Twenty-two days separated his life in Guatemala from the American dream he desired. After paying a smuggler and saying goodbye to his family, Carlos rode hours a day crammed into various vehicles — mostly vans and pickup trucks, he said, before trekking for eight days on foot through the Sonoran Desert in Mexico and into Arizona. Carlos said he prayed constantly that he would survive.
Today, Carlos said he is living that American dream, working a job in Houston that pays him cash under the table, living in an apartment with friends and fellow migrants who made the same journey. He sends money home to his family every month and sees an upwardly mobile future for himself.

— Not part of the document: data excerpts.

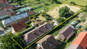 Predná časť v rozlohe 1506m² - stavebný pozemok s rovinatým priestorom, na ktorom stojí dlhšiu dobu neužívaný dom určený majiteľom skôr na zbúranie (no niekto by v ňom mojol nájsť potenciál na rekonštrukciu, chatu alebo priestor pre všetko potrebné pre záhradkára a pestovateľa).
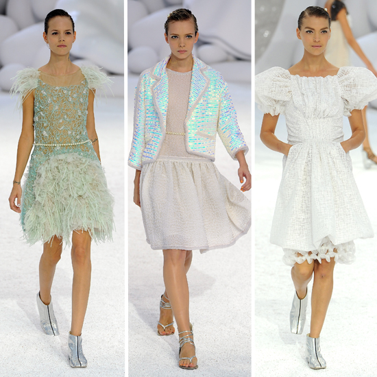 Hoewel een martelwerktuig als het korset gelukkig in de allerdiepste krocht van de modegeschiedenis is verdwenen, maken bepaalde elementen uit de ‘laagjesmode’ regelmatig een comeback. Dit seizoen waren er op de internationale catwalks veel romantische prinsessenjurkjes in onderjurkstijl te zien, met kant, broderiën en tule (Dior, Vuitton, Chanel), met wit als één van de hoofdkleuren. Valentino toonde lange, opengewerkte jurken met veel kant en geappliceerde bloemen, en de modellen in McQueen’s romantische voorjaarsshow werden door Vogue ‘sumptuous sea nymphs’ genoemd. Stella McCartney introduceerde pyjama-achtige looks: lange, rechte broeken van luxe materialen als zijde en satijn, met simpele shirtjes en jasjes. Het zijn allemaal haute couture-varianten op de onderkleding van weleer, aangepast op de eisen van 2012.
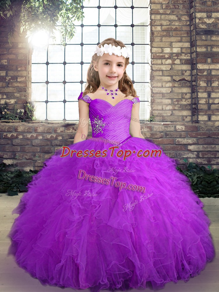 Purple Ball Gowns Straps Sleeveless Tulle Floor Length Lace Up Beading and Ruffles Kids Pageant Dress
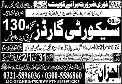 Al Jazan Consultancy Manpower is inviting applications for the position of Security Guard as per the job advertisement published in the daily Express Newspaper on 30 May, 2025 for vacancies in Kuwait.
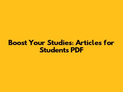 Boost Your Studies: Articles For Students PDF
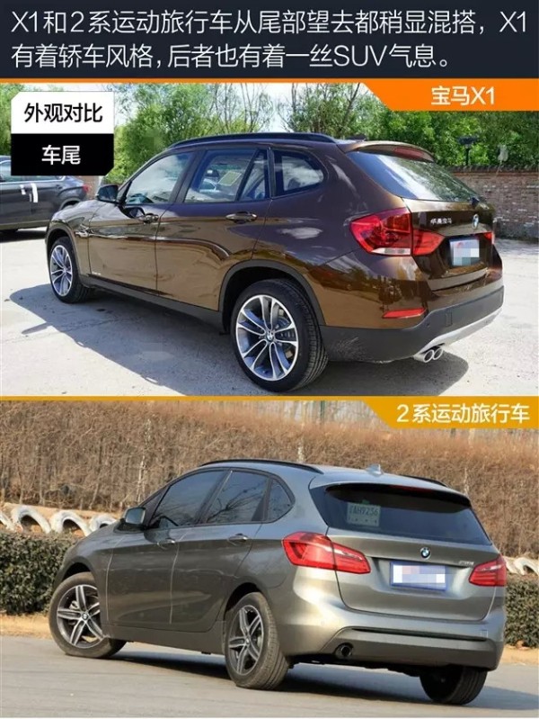 宝马X1的外观更加修长,车身尺寸更占优势;2系运动旅行车则稍显拘谨,略带憨态。X1虽然为SUV车型但略低矮的车身还是让人会将其和轿车联想起来;2系运动旅行车则凭借顶部的行李架和较高的车身高度与普通紧凑级车区分开来。

When he arrived here in 2019, Carlos joined 3.8 million Central American migrants living in the U.S., according to the Migration Policy Institute. He is one of a growing number of young Guatemalans abandoning rural areas of his country each year to make the journey north. According to the World Bank, that number has grown from 9,000 people migrating annually in the early 2000s from Guatemala to three times that in 2018, driven by what the bank called “an acute shortage of quality jobs.” Read More...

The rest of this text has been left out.